RECORD EXCERPTS →
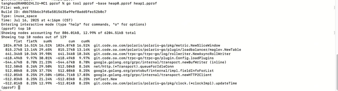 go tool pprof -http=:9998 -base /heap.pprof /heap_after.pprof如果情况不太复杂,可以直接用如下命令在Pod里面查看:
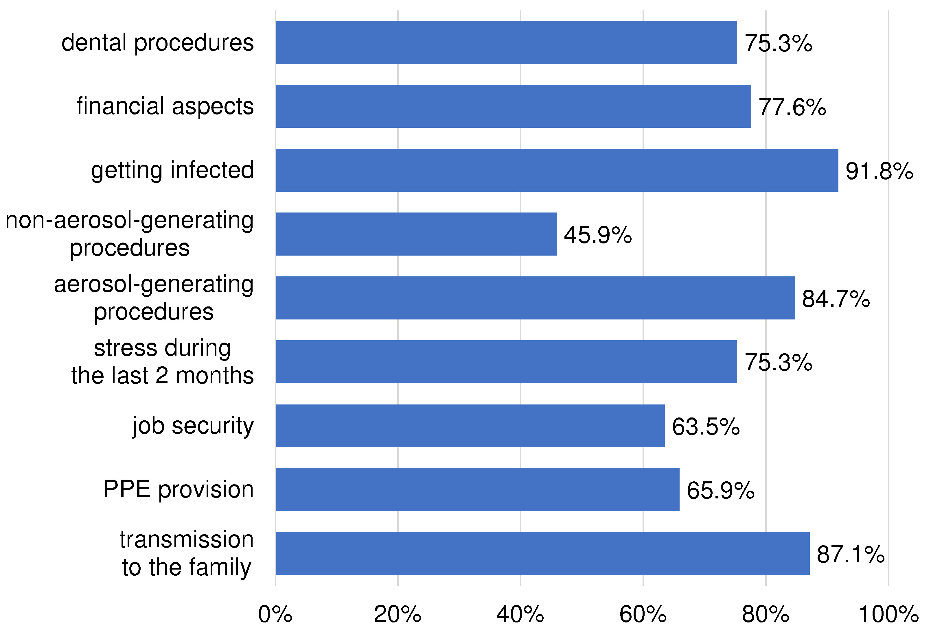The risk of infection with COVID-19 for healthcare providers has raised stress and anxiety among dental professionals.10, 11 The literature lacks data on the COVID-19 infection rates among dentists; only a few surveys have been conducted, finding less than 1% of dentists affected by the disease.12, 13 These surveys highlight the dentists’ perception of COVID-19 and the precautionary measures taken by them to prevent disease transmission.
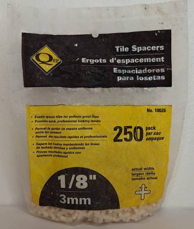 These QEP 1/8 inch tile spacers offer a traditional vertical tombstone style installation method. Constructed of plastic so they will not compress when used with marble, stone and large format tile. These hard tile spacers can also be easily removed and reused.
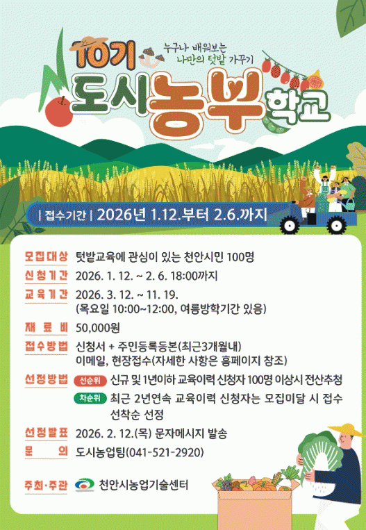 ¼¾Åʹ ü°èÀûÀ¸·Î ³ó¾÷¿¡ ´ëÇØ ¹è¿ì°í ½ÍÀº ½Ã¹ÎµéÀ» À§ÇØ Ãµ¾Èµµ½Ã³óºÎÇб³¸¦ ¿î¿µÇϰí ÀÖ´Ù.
...
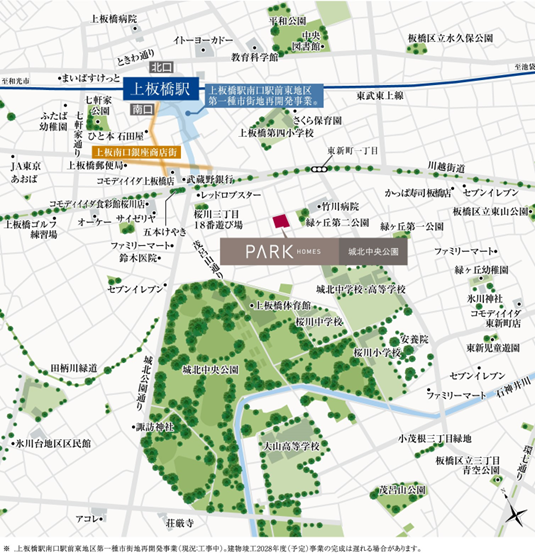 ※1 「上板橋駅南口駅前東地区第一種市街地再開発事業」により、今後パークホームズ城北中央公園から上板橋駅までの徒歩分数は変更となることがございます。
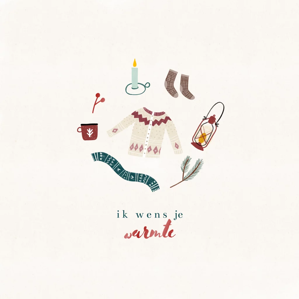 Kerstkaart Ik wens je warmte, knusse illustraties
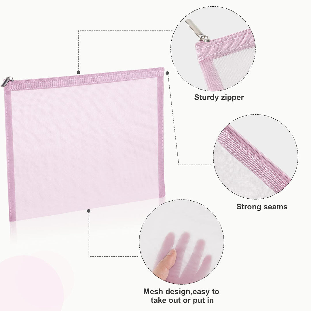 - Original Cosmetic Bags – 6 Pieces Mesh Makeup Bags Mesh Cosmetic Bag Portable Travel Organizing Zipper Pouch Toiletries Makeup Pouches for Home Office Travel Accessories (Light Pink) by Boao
---
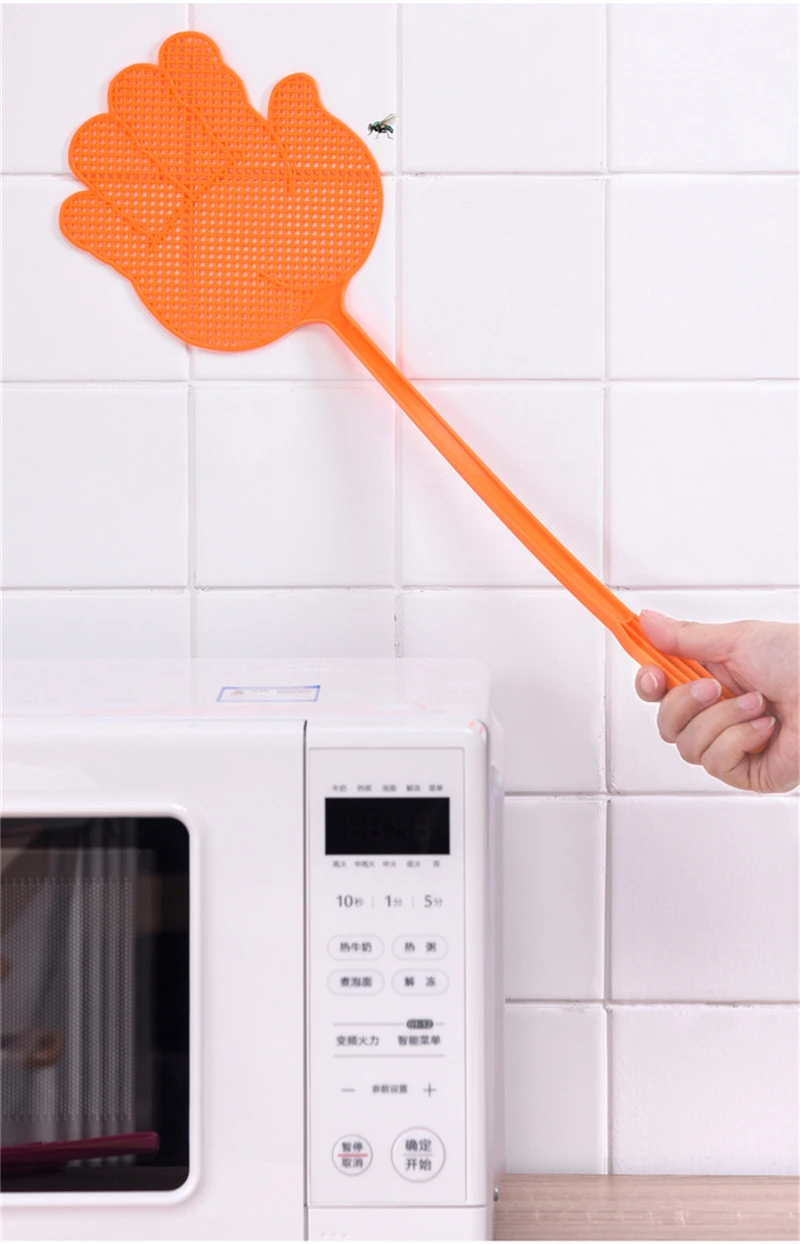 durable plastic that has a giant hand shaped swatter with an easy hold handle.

PROBLEM TO SOLVE → Print the line above containing "These QEP 1/8", the line containing "¼¾Åʹ ü°èÀûÀ¸·Î ³ó¾÷¿¡ ´ëÇØ", and everything between them, exactly as written. Pictures stay out.

EXERCISE ANSWER →
 These QEP 1/8 inch tile spacers offer a traditional vertical tombstone style installation method. Constructed of plastic so they will not compress when used with marble, stone and large format tile. These hard tile spacers can also be easily removed and reused.
 ¼¾Åʹ ü°èÀûÀ¸·Î ³ó¾÷¿¡ ´ëÇØ ¹è¿ì°í ½ÍÀº ½Ã¹ÎµéÀ» À§ÇØ Ãµ¾Èµµ½Ã³óºÎÇб³¸¦ ¿î¿µÇϰí ÀÖ´Ù.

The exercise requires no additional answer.